Canadian Banks Expecting A Worsening Economy
Photo by Michelle Spollen on Unsplash
Banks are often the first to sniff out any economic weakness, as they begin to put aside funds to cover expected losses in the coming year. One of the big reasons the Big Six missed profit expectations can be traced to those funds funneled directly to loan loss provisions (PCL). Banks set aside a certain amount of earnings to cover future shortfalls affecting their capital when customers are not able to service or repay loans. Collectively, the majors are looking at putting aside about $3 billion, but more importantly this provision is a big step up from provisions set aside a year ago. PCL for the majors for the quarter are:
- TD, set aside a total of C$599 million;
- BMO, set aside a total of $492 million, compared to $136 million a year ago;
- CIBC provided for $438 million, an increase from $303 million, a year ago;
- Scotiabank allocated $709 million, a dramatic increase from $219 million last year;
- National Bank doubled its provisions from last year to $111 millions; and,
- RBC, Canada’s largest bank, recorded $600 million in expected loan losses, compared to $342 a year ago.

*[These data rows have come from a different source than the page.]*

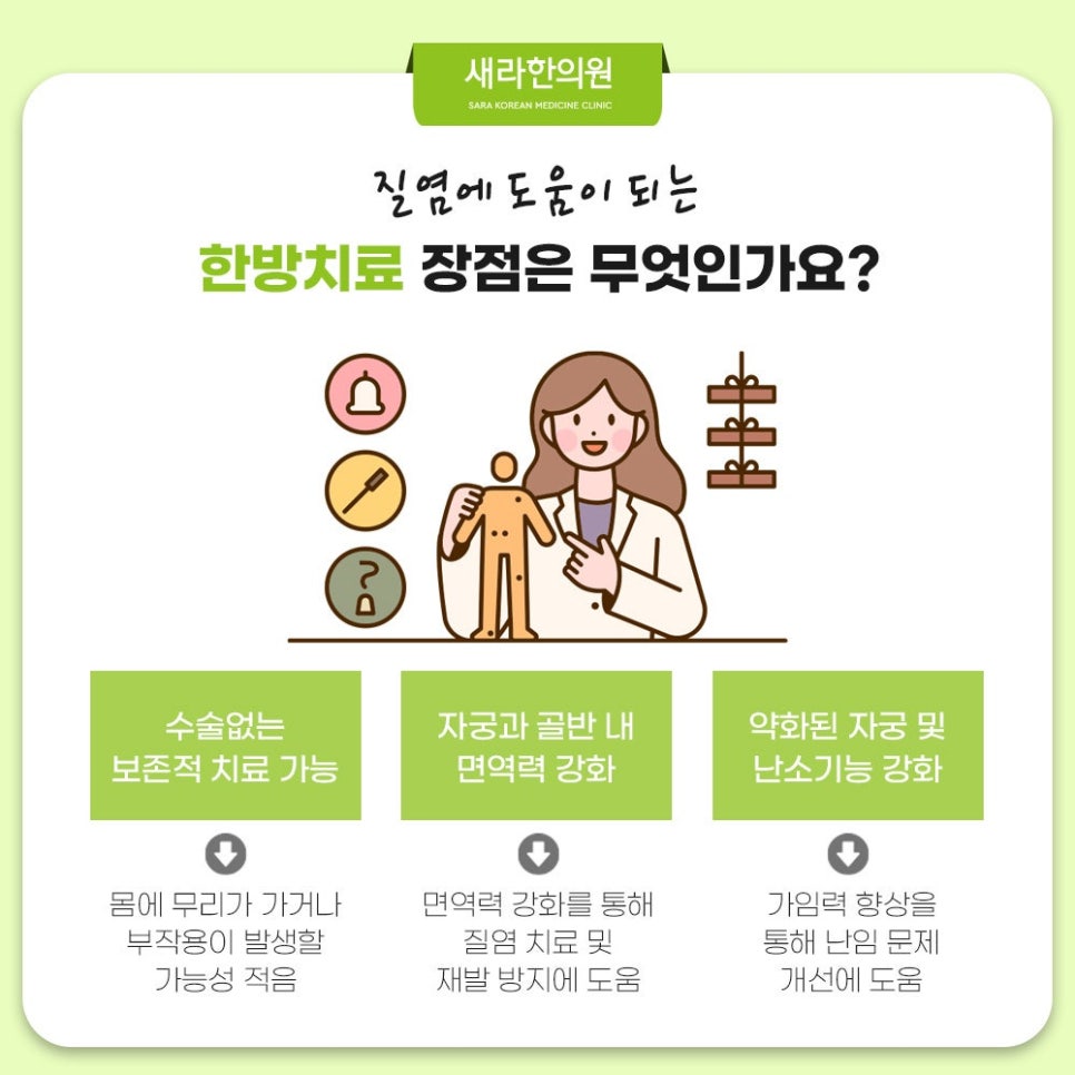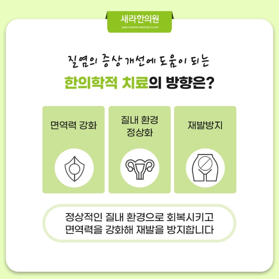 저희 방화부인과 한의원에서는 질염 치료와 재발 방지를 위해서 면역력 강화에 중점을 두고 여러 한의학적 치료 요법을 활용합니다. 질염 주된 발생 원인은 면역력 저하인데요. 그래서 전체적인 신체 면역력 강화에 도움될 저희 한의원의 한방 치료요법은 질염 개선에 도움될 방법이라고 할 수도 있답니다. 침술요법부터 약침요법, 한약처방, 온열요법 등과 같은 여러 한의학적 치료로 하복부 외에 골반강의 혈액 순환을 개선하면서 면역력을 강화하여 질염 치료와 재발 방지를 돕는데요. 이러한 한의학적 치료로 자궁과 생식기 및 질 내 환경 건강을 회복하여 질염 재발 방지에 도움을 드립니다.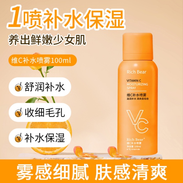 商品属性 [主要下游平台] ebay,亚马逊,wish,速卖通,独立站,LAZADA [主要销售地区] 非洲,欧洲,南美,东南亚,北美,东北亚,中东 [产品名称] Rich Bear维C补水喷雾 [产地] 广东 [保质期] 3年 [化妆品功效] 补水保湿,滋润 [品牌类型] 国货品牌 [是否跨境出口专供货源] 是 [是否进口] 否 [有可授权的自有品牌] 是 [特殊用途化妆品] 否 [生产许可证号] 粤妆20161057 [适用人群] 通用 [适用肤质] 通用 [非特化妆品备案证号] 粤G妆网备字2024070584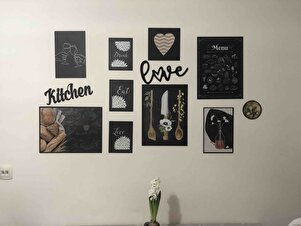 Çerçevesiz Cafe Mutfak Dekoratif Ahşap 11' Li Mdf Kitchen Ve Love Yazılı Tablo Seti Çerçevesiz Cafe Mutfak Dekoratif Ahşap 11' Li Mdf Kitchen Ve Love Yazılı Tablo Seti ÖZC-MDF11D 100 x 100

Conceptually, these provisions are considered as insurance to cover bad loans and hence are taken out of current earnings. By the same token, should a bank’s loan book not deteriorate to the full extent of the PCL, the difference is reinstated in earnings.
For bank investors, the betting when to purchase shares resides in the outlook for the economy. Did the banks put aside too much or too little to cover losses and what does that mean for bank profitability? An early sign regarding the outlook was delivered this week when the GDP second-quarter results became available, and the news was not comforting at all.
The Canadian contracted by 0.2%, in contrast to the Bank of Canada’s most recent forecast of 1.5% expansion. Clearly, the Bank’s forecasting team got it wrong. Given the low level of growth to begin with, this forecasting error is quite large.
Components Contribution to GDP
One of the most important sectors contributing to this decline is residential investment---- no surprise there, considering the Bank of Canada’s relentless rate hikes. Construction expenditures falling off at a time when house prices are firming up, sets up for more stress in the housing market as supply issues dominate the industry. The consumer sector, wholesale and retail, shrunk, strongly suggesting that the conventional wisdom that nothing can stop the consumer is misplaced. Ironically, the Bank of Canada argued that the consumer resilience continues to support the Bank’s need to hold firm on its rate policy. Economists are now focusing on the poor GDP results for July as further evidence the economy is probably has entered a recession.
Since the Bank of Canada’s decision-making process is shrouded in secrecy, we can hope that it recognizes that the economy is not on a good trajectory and that the banks are signaling the further trouble lies ahead.